Показательна сама приверженность Славниковой к роману, жанру, дающему широкие возможности для “отражения жизни”. Это занятие не ушло в прошлое. Журнал “Знамя” до сих пор присуждает премию за глубокий анализ современной действительности. Не могу согласиться с В.Новиковым, который в статье “Филологический роман” (“Новый мир”, 1999, N 10) называет события, изображенные в “Стрекозе”, сюжетом для небольшого рассказа. Впечатление замкнутости повествования обманчиво. Уже упоминавшееся расплывчатое, ускользающее определение места действия (условные города) расширяет художественное пространство. Этой цели служит и вставная новелла, которую я назвал бы “Путешествием по железной дороге”. Новелла помогает понять Ивана как психологический и социальный тип человека, который не может найти места в жизни, стать опорой семьи. Причину такие люди видят не в себе, а в окружающих. Отсюда охота к перемене мест (иллюзия перемены жизни). Так просто, стоит только купить билет или перемигнуться с проводницей подходящего возраста. Вот и странствуют по огромной стране неприхотливые путешественники, находя, как Иван, временный приют то на вокзальной скамейке, то в люке теплотрассы. Железная дорога вызывает у русского человека столько ассоциаций (житейских, литературных, кинематографических), что читатель и сам вместе с автором участвует в расширении художественного пространства романа.

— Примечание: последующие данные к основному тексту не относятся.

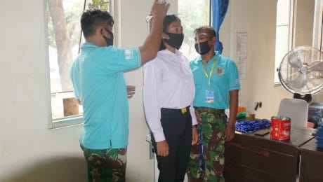 Pelaksanaan pendaftaran/validasi calon Bintara dan Tamtama PK TNI AL Gelombang II Tahun 2020 di Panda Lantamal III Jakarta, dengan menerapkan protocol kesehatan di masa pemberlakuan PSBBT (Pembatasan sosial berskala besar masa teransisi) sebagai upaya pencegahan dari penularan covid-19, seperti cuci tangan, pengukuran suhu tubuh, memakai masker, dan physical distancing, begitu pula para petugas panitia Lantamal III terlihat menggunakan pelindung muka/face shield.

Временные границы “Стрекозы” также раздвинуты до романных. С первых страниц судьба маленькой провинциальной семьи включена в повествование о гибели целого рода: “Очень долго и давно, не меньше, чем сто двадцать лет, мужчины не умирали своей смертью в лоне этой семьи, но исчезали, как были, не успевая измениться за часы ареста или отъезда”. Выбирая только ключевые события (появление нового мужчины в доме, арест и т. д.), автор дает возможность читателю восстановить недостающие звенья цепи. С самого начала на повествовании лежит печать обреченности: “То была семья потомственных учителей, вернее учительниц, потому что мужья или отцы очень скоро исчезали куда-то, а женщины рождали исключительно девочек, и только по одной”. Мысль о неизбежности гибели семьи определяет сюжет и композицию романа. Композиция на первый взгляд может показаться зеркальной. Первая часть в основном о матери, вторая — о дочери. Но дочь не занимает место матери, с роковой неумолимостью она должна погибнуть. Сюжет складывается так, что Катерина Ивановна ощущает, как ее отовсюду вытесняют. Софья Андреевна, ее вещи и даже ее призрак теснят Катерину Ивановну в собственной квартире. Наконец она добровольно, без борьбы покидает последний островок реальности (свою квартиру), уступая место действия другим героям (Рябкову и Комарихе), после чего погибает.

Славникова обращается к темам и проблемам масштабным и обязательно злободневным, что также сближает ее с реалистической прозой. Главная в “Бессмертном” тема так называемых социально незащищенных, аутсайдеров, людей не приспособившихся (или, вернее, приспособившихся, но плохо) к изменившимся, после очередного “великого перелома”, условиям жизни, весьма актуальна для современной России. В сюжете этой повести реализуется метафора “удержать время”. Жена и приемная дочь создают вокруг парализованного Алексея Афанасьевича иллюзорный мир законсервированного прошлого: читают ему старые газеты, падчерица, тележурналистка, даже специально монтирует кинохронику. Впрочем, спасительные иллюзии, скорее, нужны им самим, а не ветерану, единственному настоящему в этом иллюзорном мире. Так я понимаю подзаголовок “Бессмертного” (“Повесть о настоящем человеке”). Семья Харитоновых дана на широком фоне обманутых людей (в связи с темой выборов). Апофеозом же мира всеобщего обмана является в романе сцена оздоровительного сеанса нетрадиционной медицины “с омолаживающим переливанием энергии”, чтением целебных элегий от желудка и баллад от давления. Славникова блестяще определяет успех этого шарлатанства: “Женщины, которым предлагалось нечто, бывшее одновременно от болезней и про любовь, смутно чувствовали, что получают именно то, что хотят”. Правда, здесь фантазии не так много, ведь в вечерней газете сейчас можно прочитать, что черный колдун с сертификатом качества и лицензией районной администрации занимается приворотом денег! Одно могу сказать: реальность изменчивого настоящего и стабильного прошлого Славникова изучает и знает. У сюрреалистического дерева ее прозы крепкие реалистические корни.